For the events investigated above, algorithm results are verified by voltage and current waveform recorded by the PQ.

3. Simulation Study

The proposed algorithm also is tested in a radial power system shown in Figure 5. The power system has nine buses, where B1 is the 154 kV transmission system bus, and the remaining busbar is a 34.5 kV bus in the distribution system. Moreover, it has four monitoring points. To observe the voltage sag, faults (SLGF, LLGF, LLLGF, and LLF) are applied to F1 and F2 points. The proposed algorithm determines the voltage sag and fault type, as shown in Table 5. When the simulation results are investigated, the proposed algorithm correctly determines the voltage sag location and fault type in all monitoring points.

4. Conclusions

In this study, the novel algorithm is proposed to detect the voltage sag relative location using real voltage and current data provided by PQMS in an actual distribution company. Moreover, the algorithm is integrated into the PQMS of the distribution company. The proposed algorithm is tested in nine bus power systems and correctly determines voltage sag relative location and fault type in all monitoring points. In addition, the performance of the algorithm is approved by voltage and current waveform recorded by the PQ analyzer. This algorithm can also be implemented in the PQMS of other distribution system companies that use Inavitas as a PQMS. On the other hand, if the network topology is integrated into PQMS, the exact location of the voltage sag can be determined with the help proposed algorithm.
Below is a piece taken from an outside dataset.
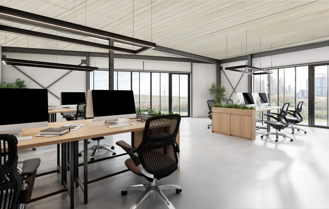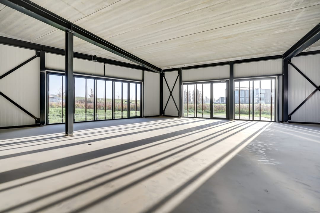 Onze units worden standaard uitgevoerd met vloerverwarming, een electrisch bedienbare overheaddeur en een meterkast, voorzien van 220 en 380 volt en een wateraansluiting.

For future studies, the threshold for rules can be defined by the artificial intelligence method.

Author Contributions

Conceptualization, Y.Y. and T.U.; methodology, Y.Y., K.Ç.B. and A.T.; software, Y.Y. and T.U.; validation, Y.Y., Y.T., and A.T.; writing—original draft preparation, Y.Y. and T.U.; writing—review and editing, A.T., Y.T., J.M.G. and C.-L.S.; supervision, K.Ç.B. and J.M.G. All authors have read and agreed to the published version of the manuscript.

Funding

This work was supported by The Scientific and Technological Research Council of Turkey BIDEB-2214-A International Research Fellowship Programme for PhD Students. The work of Chun-Lien Su was funded by the Ministry of Science and Technology of Taiwan under Grant MOST 110-2221-E-992-044-MY3.

Acknowledgments

The authors would like to thank ENDOKS and KCETAŞ companies.

Conflicts of Interest

The authors declare no conflict of interest.

Appendix A

Figure A1. Current and voltage waveform recorded by PQ analyzer during the voltage sag for event 1.
Figure A1. Current and voltage waveform recorded by PQ analyzer during the voltage sag for event 1.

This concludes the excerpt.